U.S. Attorney Andrew Lelling sits down with members of the media in his office on Wednesday, Jan. 24, 2018.
Sam Doran
State House News Service
U.S. Attorney Andrew Lelling sits down with members of the media in his office on Wednesday, Jan. 24, 2018.

U.S. Attorney for Massachusetts Andrew Lelling issued a statement on Tuesday expanding upon his previous comments about how his office will approach the newly state-legal marijuana industry, which remains wholly illegal under federal law.

"Because I have a constitutional obligation to enforce the laws passed by Congress, I will not effectively immunize the residents of the Commonwealth from federal marijuana enforcement," Lelling said in a statement. "My office's resources, however, are primarily focused on combatting the opioid epidemic that claims thousands of lives in the Commonwealth each year."

Lelling said he expects that his office will focus on three areas of federal marijuana law enforcement: overproduction, sales targeted to minors and organized crime involvement in the industry.

Overproduction, the federal prosecutor said, "creates the risk of illegal, and lucrative, marijuana sales to users in nearby states where recreational marijuana use remains illegal." The Massachusetts Cannabis Control Commission is hoping its seed-to-sale tracking system will help limit overproduction and diversion.

Lelling said he expects that the adolescent use of marijuana "will surely now increase" and said that legalization advocates "fail to emphasize the risks marijuana use poses for minors." He said targeted sales to minors "may warrant federal prosecution."

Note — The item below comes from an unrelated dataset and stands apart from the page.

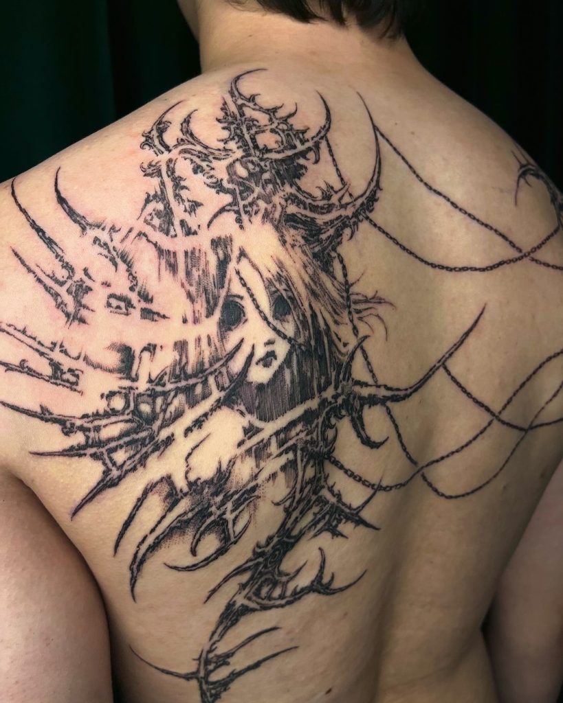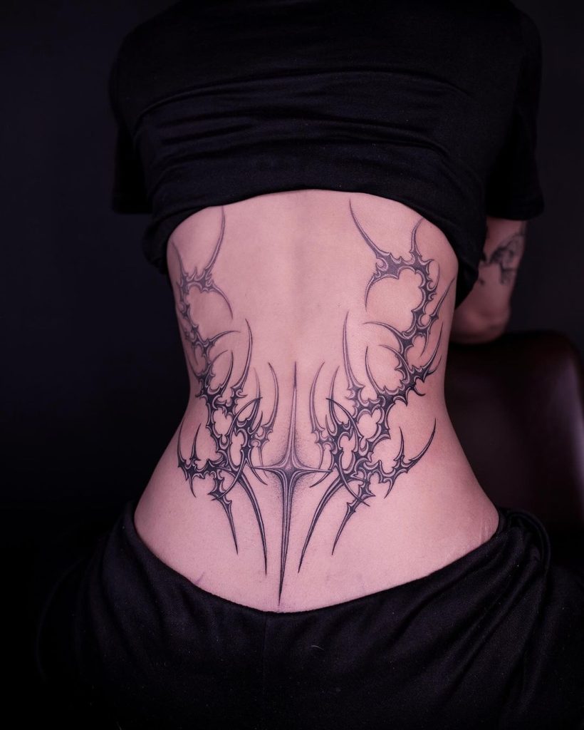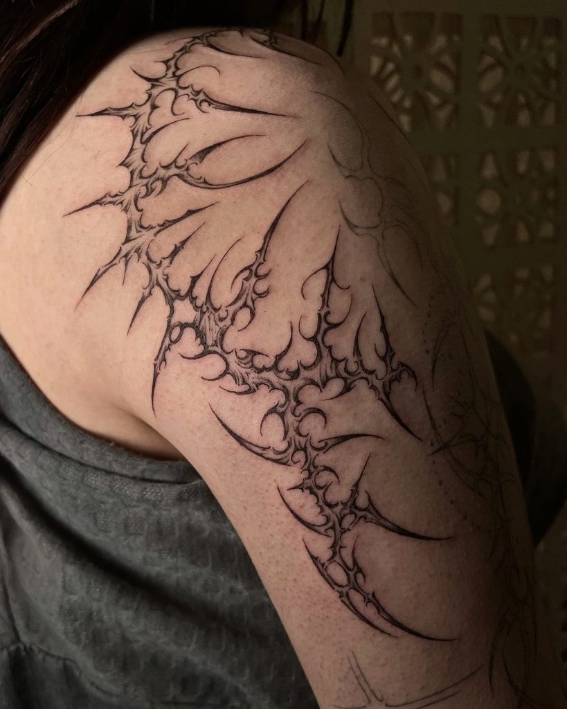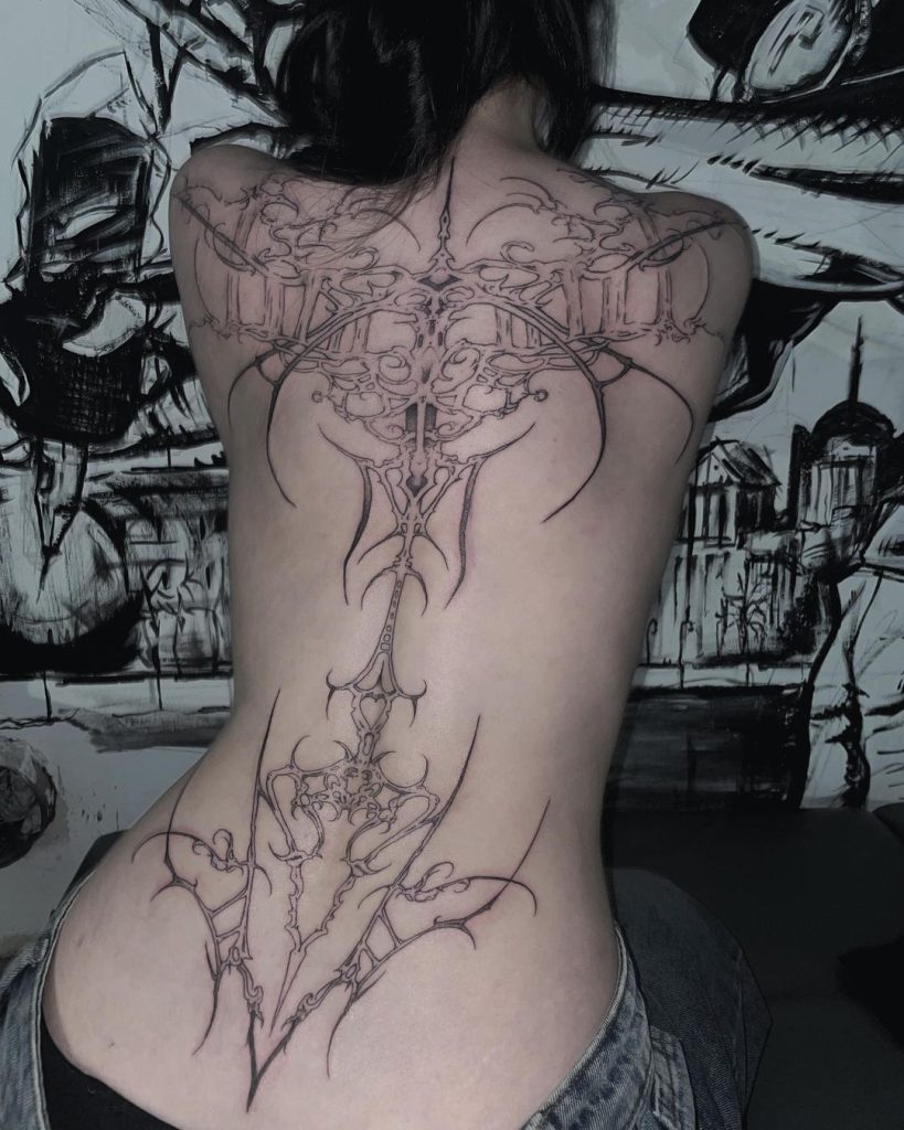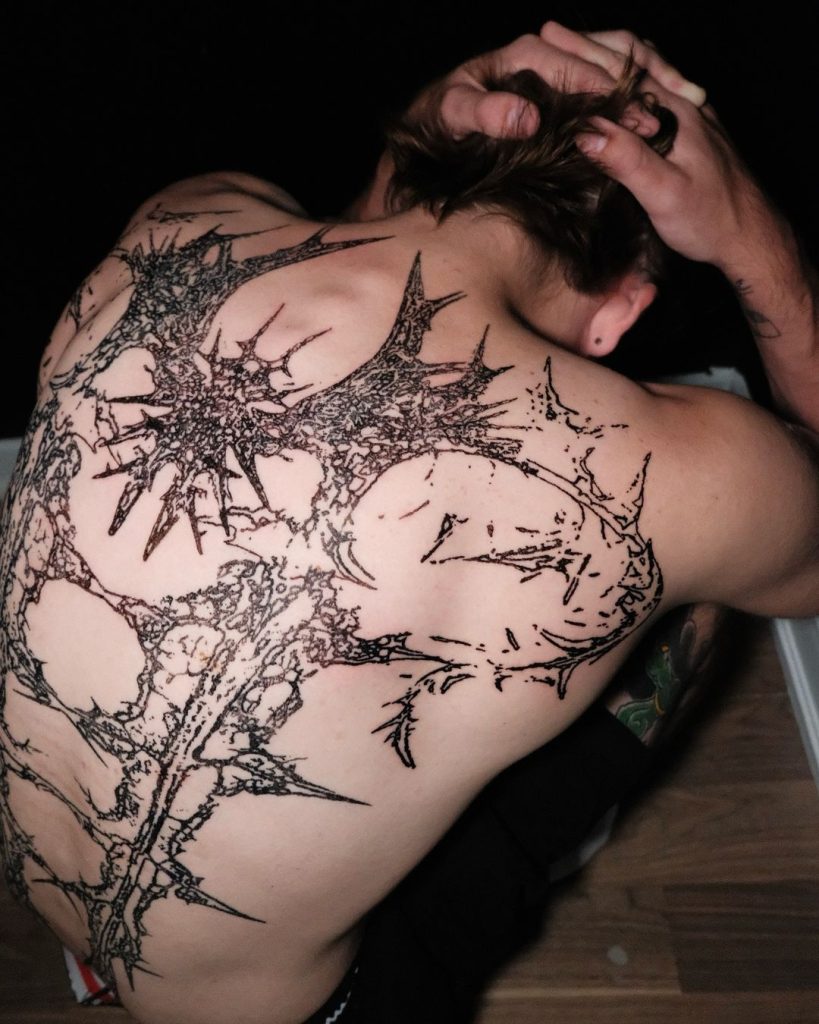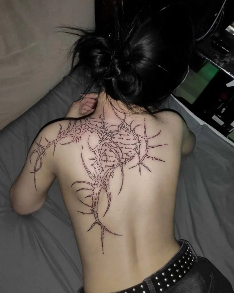This intricate tattoo extends across the upper back and shoulders, with jagged, branching lines creating an otherworldly, organic design. The spiked edges and web-like structure give it a raw and futuristic feel, perfectly accentuating the natural curve of the back. It’s a bold statement piece that exudes strength and mystery.

Federal authorities will continue to prosecute organized crime organizations that "distribute drugs in violation of federal law, regardless of whether that distribution is legal under state laws," Lelling said.

"To that end, federal investigators will continue to police the Commonwealth for incoming or outgoing shipments of cash as well as use of the federal banking system," he said.

Lelling said his office will evaluate marijuana-related prosecution on a case-by-case basis and that his statement was "only intended to clarify which aspects of the state-level marijuana industry are most likely to warrant federal involvement."

In his statement, the U.S. attorney erroneously claimed that Massachusetts legalized the distribution of marijuana as of July 1. There was no change to state marijuana laws on July 1. That date had been the target date for retail sales to begin, but marijuana growing, possession and use in Massachusetts became legal in December of 2016.